Thursday, April 16, 2009


Sticks and stones and all of the rest.
You know the words.

Mother's voice rings crystal clear,
while over and again,
John's meaty hand impacts a lesson

A closed fist pedagogy, unequivocal
but no less so
than the whispers in the desk behind.
Muted laughter,
a crush discovered, supposed,
and the object of affection
making sure to stop by
and take a good sharp tongued stab.

In response, as always,
formulated, thought of, planned,
but nothing ever done
in the hopes that if the head
is pushed far enough down
everything will go away.

When John comes back,
listen to the good Dr. Suess
and carry a big stick,
or two,
then your troubles
will have trouble
with you.

But then...
What if troubles only spawn troubles?
And how do you hit a word?


  1. I like this poem, James!
    I think, though, it might want to be a longer poem, especially to give us some history for the second stanza??
    Tell me what poet you are reading now and how did you choose that poet to read?

  2. Thanks for the comment, Slow Reader.

    I think it does want to be a longer poem, because it stems from a longer story.
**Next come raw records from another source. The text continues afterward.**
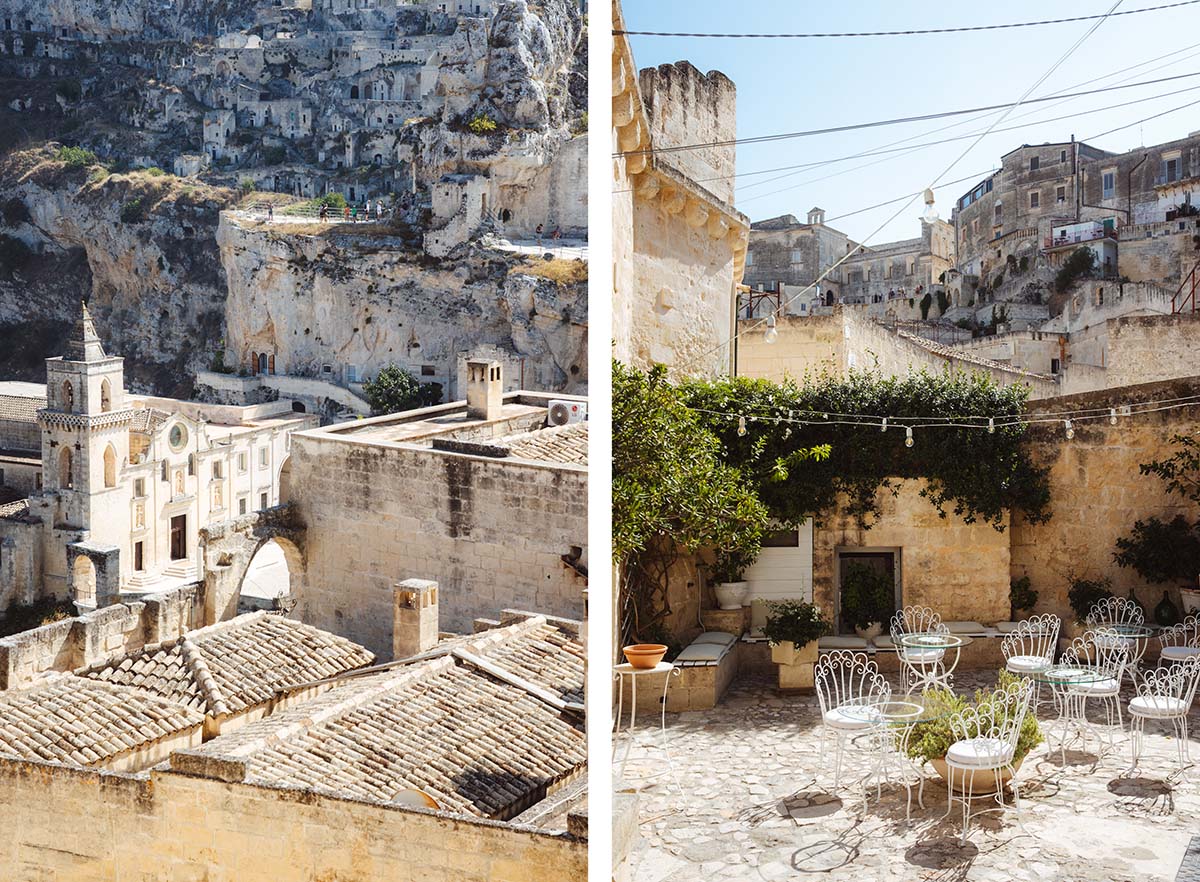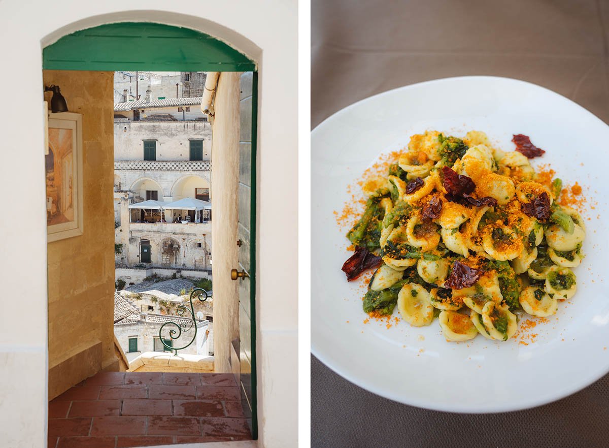 Matera is de stad van de grotwoningen en een aantal daarvan zijn verbouwd tot prachtige boutiquehotels. Wil je voor het ultieme luxe grothotel gaan, kies dan voor Sextantio Le Grotte Della Civita of Sant’Angelo Matera. Wij sliepen bij het fijne L’Infinito dei Sassi, een betaalbaar hotelletje op een toplocatie in het centrum. Vanaf ons balkon hadden we een spectaculair uitzicht over de sassi en daarmee een perfecte plek om de zonsopkomst te bewonderen.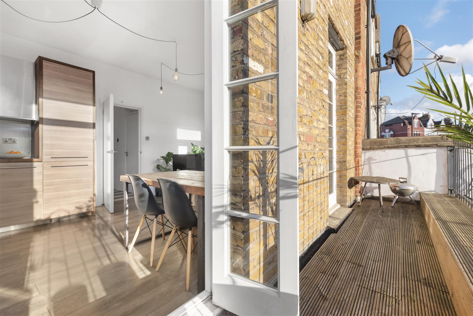 Set within an attractive Victorian parade above independent shops and eateries, the apartment features a bright open-plan reception and kitchen with French doors opening onto the balcony, making it ideal for both everyday living and entertaining. The sleek kitchen includes integrated appliances, contemporary cabinetry and excellent storage.
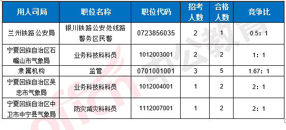 截止到23日8時(shí),工作地點(diǎn)在寧夏的職位均有人報(bào)考,其中5職位競(jìng)爭(zhēng)比低于面試比例。下面是爭(zhēng)比例低于面試比例職位一覽表,中公網(wǎng)校專家建議廣大考生多關(guān)注一些較冷職位,避免激烈競(jìng)爭(zhēng),結(jié)合自身?xiàng)l件,找到屬于自己的職位。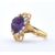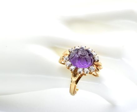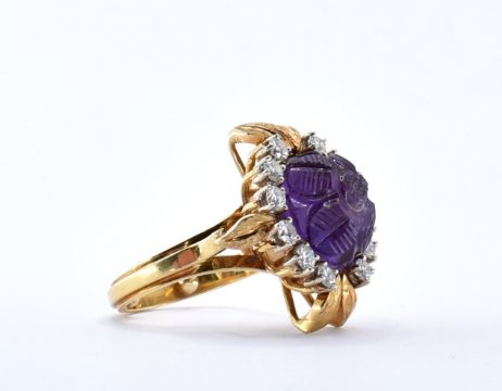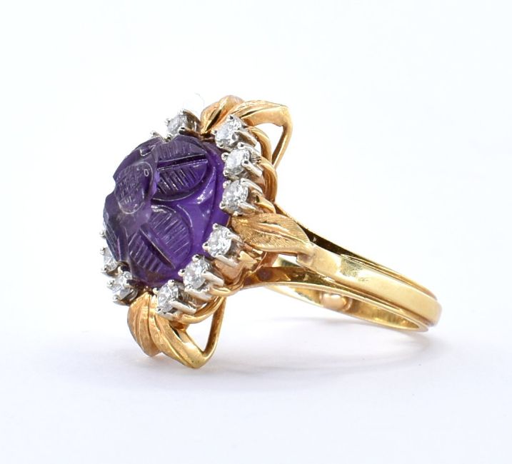 A stamped 18ct gold amethyst and diamond cocktail ring set with a large round central amethyst carved with a flower design surrounded with twelve round cut diamonds and moulded foliate details interior of the band marked 18ct. Resizing balls to the interior of the band. Amethyst measures approx 11mm diameter.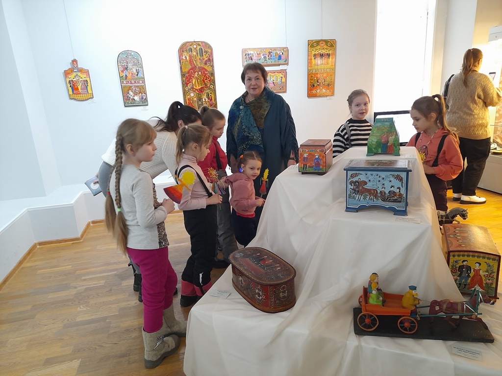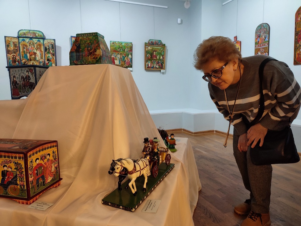 Расписные свадебные сундуки и ларцы, детские игрушки и сюжетные панно – все наполнено духом соборности и веры в то, что человеческое счастье обретается в семье. Отсюда в рисунках и обустроенность мира с нарядными домами и храмами, в которых крестят детей, лад гармоней и балалаек в руках статных парней, достоинство, с которым выступают нарядные девушки. Желание рассмотреть детали росписи уводит в дальнюю перспективу среднерусского ландшафта, где вдруг замечаешь забавную сценку с домашними животными или художника с мольбертом.
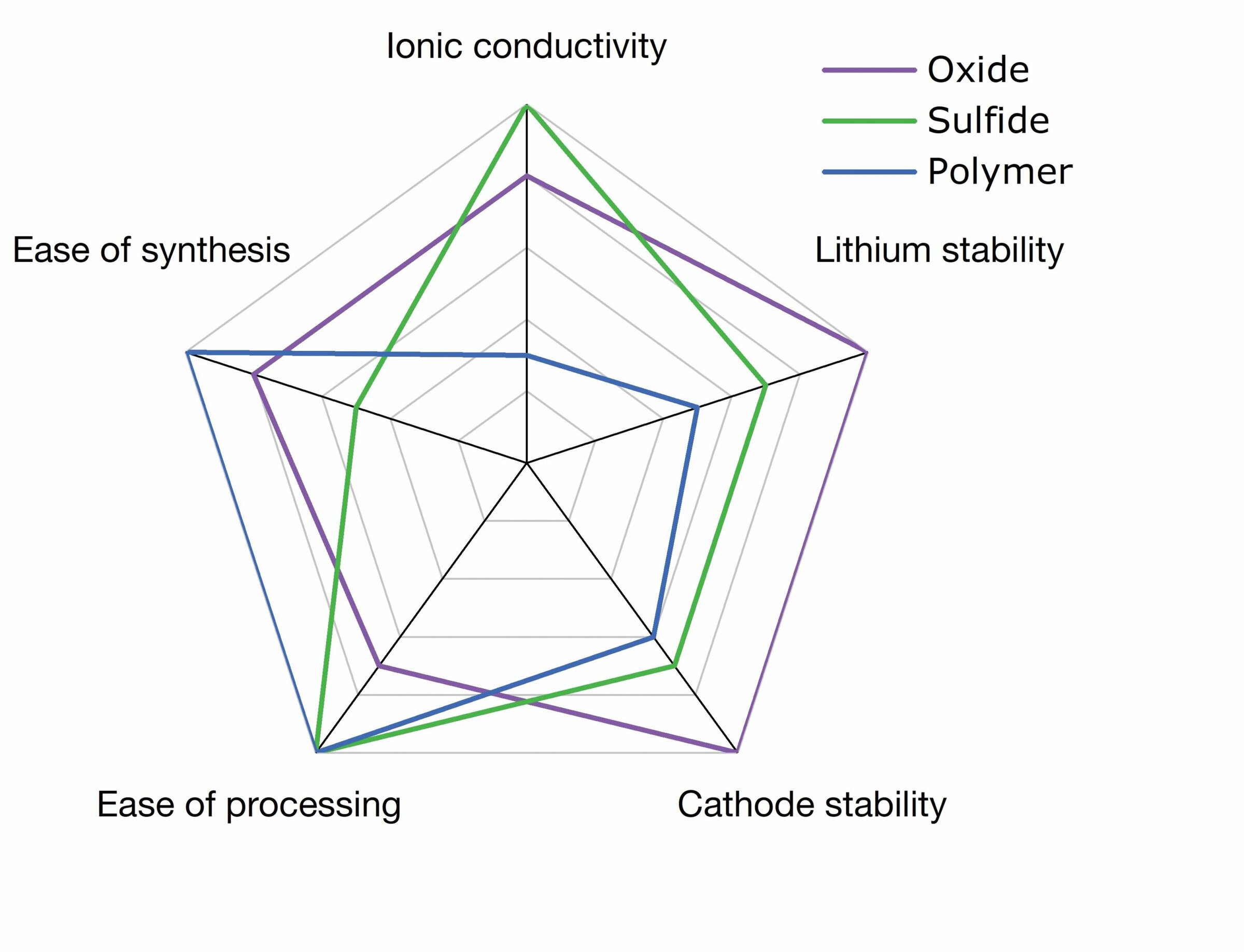 Figure 3. Radar chart for electrochemical and physical properties of oxide, sulfide, and polymer solid electrolytes. Credit: Nathan Taylor

I had cut out the back story for the second stanza for brevity, but I think I will look into fleshing it all out more.

    Right now I not reading much poetey, though recently I have read Ken Babstock, Billy Collins, and Patrick Lane. No reason for picking them, really. I haven't stayed current since my old poetry workshops.

    Truth be told, I like Cutullus, Rumi... poets with a few centuries perspective.